The suit notes that California law declares that juvenile halls exist solely for rehabilitation, and "shall not be deemed to be, not treated as, a penal institution" but rather "a safe and supportive homelike environment."

Instead, inside the Contra Costa hall, the suit alleges: "Young people with disabilities become trapped in a cruel cycle of discrimination" and "are locked away in solitary confinement where their conditions only deteriorate and they fall further behind in their education."

Faer said juvenile detention officials are required to create "pro-active, positive rehabilitation plans" for wards, but records obtained and reviewed by lawyers indicate that hall and school officials are failing in that duty.

"These are kids. We have a chance here to help them," Faer said. "But they are pretty much stealing children's futures."

Based on a review of the Martinez hall's policies, the lawsuit says, wards put into solitary for 23 hours are "outright denied both general and special education entirely."

The use of solitary confinement in California's state and county juvenile detention centers has prompted repeated attempts by some legislators to impose regulations barring lengthy isolation beyond relatively short periods and frequent staff observation of youths in cells.

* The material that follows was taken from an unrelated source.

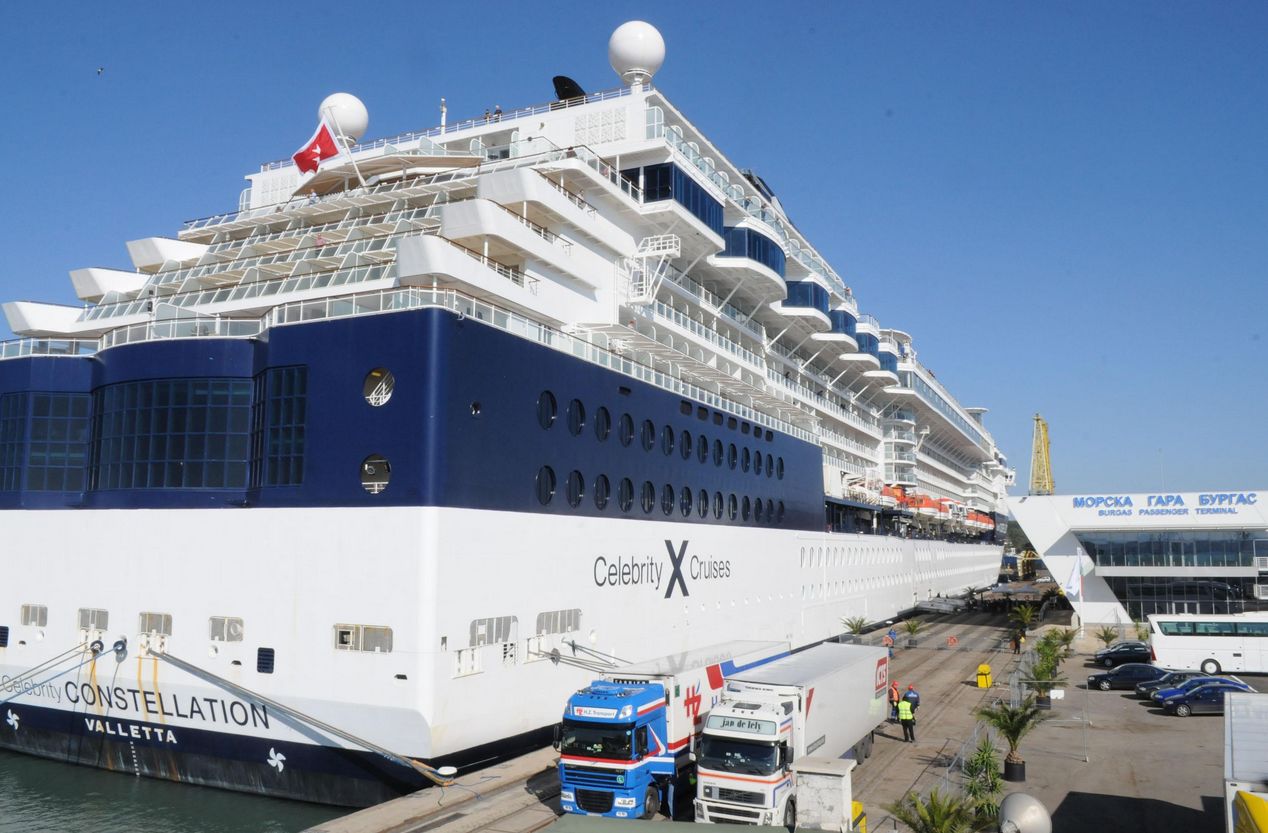 /КРОСС/ Първият круизен кораб акостира на откритата вчера международна морска гара в Бургас. На борда на "Селебрити Констилейшън" има 2000 пътници от цял свят и 1500 души екипаж. Плавателният съд е собственост на международната компания Royal Caribbean, a дължината му е 294 м.

A bill along those lines currently pending in California's state legislature is sponsored by state Sen. Leland Yee, a San Francisco Democrat. It passed the state Senate, and is now before Assembly members, who have adopted some amendments.

The Center of Public Integrity reported on how a previous unsuccessful attempt by Yee to pass a similar bill was met with stiff opposition from law enforcement officials and prison guards who contribute heavily to legislators' political campaigns.